-- What you are asked to do --
Please repeat exactly the lines below from the line with "Ceintures thermiques GIBAUD®" to the line with "నర్సంపేట మున్సిపాలిటీ కార్యాలయం", including both, and leave out every picture.

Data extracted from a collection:

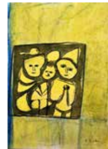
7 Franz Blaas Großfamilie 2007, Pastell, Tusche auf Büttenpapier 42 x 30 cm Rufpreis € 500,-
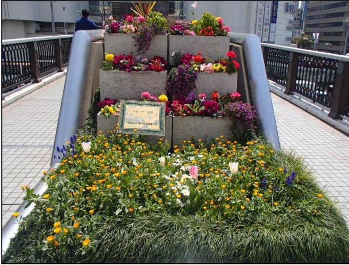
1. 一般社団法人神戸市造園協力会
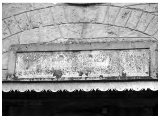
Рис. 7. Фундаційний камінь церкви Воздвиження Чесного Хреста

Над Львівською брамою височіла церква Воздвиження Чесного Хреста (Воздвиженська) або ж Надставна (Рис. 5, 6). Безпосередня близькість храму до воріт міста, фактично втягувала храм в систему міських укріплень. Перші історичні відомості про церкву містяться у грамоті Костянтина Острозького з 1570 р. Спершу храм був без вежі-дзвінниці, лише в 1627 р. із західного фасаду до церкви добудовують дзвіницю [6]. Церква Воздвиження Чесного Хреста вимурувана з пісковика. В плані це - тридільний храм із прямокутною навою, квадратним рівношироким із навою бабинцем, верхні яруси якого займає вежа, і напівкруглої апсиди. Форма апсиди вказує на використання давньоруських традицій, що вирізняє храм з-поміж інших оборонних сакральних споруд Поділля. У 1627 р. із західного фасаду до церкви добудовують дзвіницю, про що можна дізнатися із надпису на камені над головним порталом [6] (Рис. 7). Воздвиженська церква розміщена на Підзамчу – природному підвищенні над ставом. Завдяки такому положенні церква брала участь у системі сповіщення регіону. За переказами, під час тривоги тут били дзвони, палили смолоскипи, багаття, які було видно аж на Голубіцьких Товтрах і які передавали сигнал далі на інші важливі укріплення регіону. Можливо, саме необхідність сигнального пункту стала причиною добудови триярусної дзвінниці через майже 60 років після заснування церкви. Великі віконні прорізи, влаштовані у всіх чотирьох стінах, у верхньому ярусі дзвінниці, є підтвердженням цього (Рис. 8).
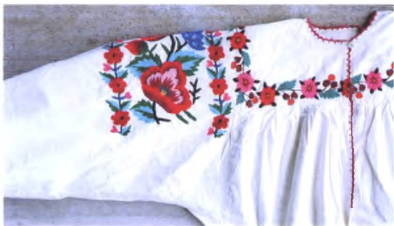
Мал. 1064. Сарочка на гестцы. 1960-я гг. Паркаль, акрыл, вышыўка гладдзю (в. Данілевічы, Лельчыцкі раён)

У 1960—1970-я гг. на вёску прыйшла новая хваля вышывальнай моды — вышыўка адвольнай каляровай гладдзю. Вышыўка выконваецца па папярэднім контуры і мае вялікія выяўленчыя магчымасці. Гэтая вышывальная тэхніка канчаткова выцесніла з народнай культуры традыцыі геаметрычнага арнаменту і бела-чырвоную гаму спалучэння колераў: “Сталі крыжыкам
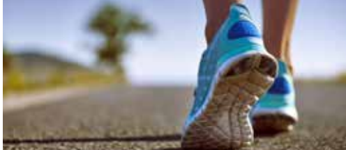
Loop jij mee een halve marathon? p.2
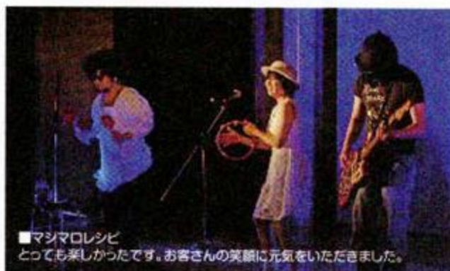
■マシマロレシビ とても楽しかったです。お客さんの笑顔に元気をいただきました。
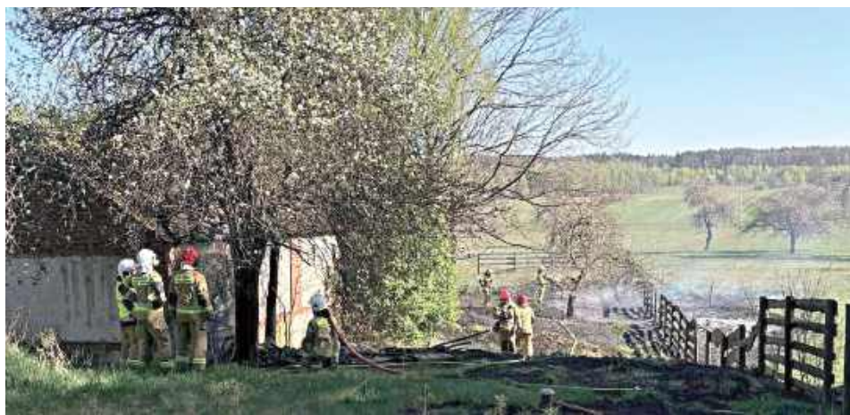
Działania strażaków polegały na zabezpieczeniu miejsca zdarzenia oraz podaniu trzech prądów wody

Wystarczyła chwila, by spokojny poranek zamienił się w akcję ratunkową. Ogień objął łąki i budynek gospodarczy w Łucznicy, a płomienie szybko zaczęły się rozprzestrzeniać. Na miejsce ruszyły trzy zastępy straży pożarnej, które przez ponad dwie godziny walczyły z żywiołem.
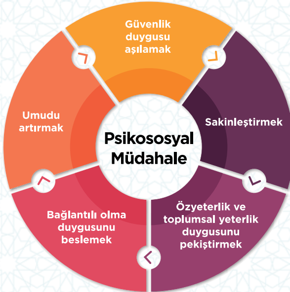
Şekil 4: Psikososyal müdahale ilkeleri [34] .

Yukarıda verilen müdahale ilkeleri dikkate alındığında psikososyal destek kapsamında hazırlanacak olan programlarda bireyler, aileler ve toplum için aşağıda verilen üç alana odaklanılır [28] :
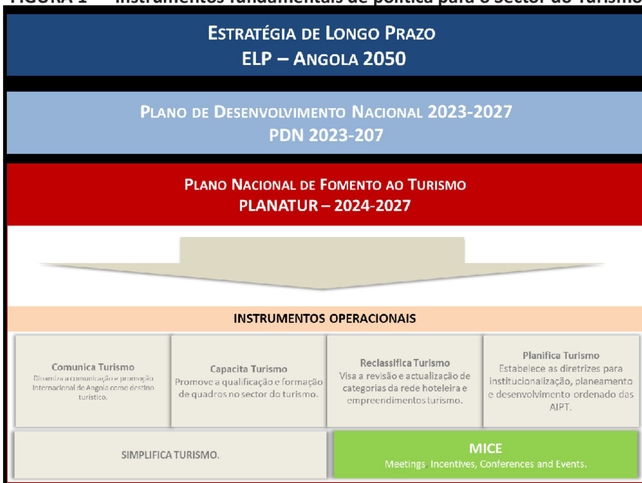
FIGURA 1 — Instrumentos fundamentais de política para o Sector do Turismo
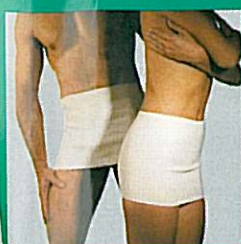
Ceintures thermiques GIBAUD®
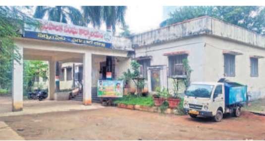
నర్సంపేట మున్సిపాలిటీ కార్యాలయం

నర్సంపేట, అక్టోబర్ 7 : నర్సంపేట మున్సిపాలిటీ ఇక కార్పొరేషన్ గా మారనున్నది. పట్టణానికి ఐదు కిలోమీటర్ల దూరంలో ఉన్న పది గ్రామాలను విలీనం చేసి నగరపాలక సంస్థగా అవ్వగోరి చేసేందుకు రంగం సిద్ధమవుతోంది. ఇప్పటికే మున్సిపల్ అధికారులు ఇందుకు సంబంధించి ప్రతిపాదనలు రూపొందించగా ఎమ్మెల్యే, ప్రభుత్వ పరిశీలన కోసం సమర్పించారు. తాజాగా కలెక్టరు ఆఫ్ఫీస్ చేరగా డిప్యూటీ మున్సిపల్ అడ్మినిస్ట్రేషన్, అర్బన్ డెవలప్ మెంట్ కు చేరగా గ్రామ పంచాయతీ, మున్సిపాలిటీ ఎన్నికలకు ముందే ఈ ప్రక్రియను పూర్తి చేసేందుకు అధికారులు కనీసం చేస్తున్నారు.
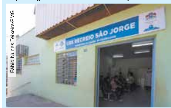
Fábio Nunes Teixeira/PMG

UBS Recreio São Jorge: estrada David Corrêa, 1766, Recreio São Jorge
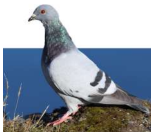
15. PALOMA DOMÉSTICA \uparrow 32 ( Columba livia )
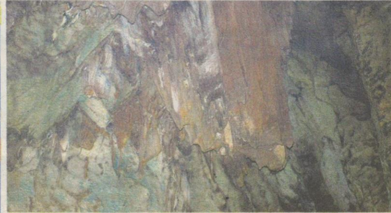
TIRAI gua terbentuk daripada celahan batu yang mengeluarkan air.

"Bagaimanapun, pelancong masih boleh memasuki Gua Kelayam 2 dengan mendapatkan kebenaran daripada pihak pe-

-- Response area --
Ceintures thermiques GIBAUD®
నర్సంపేట మున్సిపాలిటీ కార్యాలయం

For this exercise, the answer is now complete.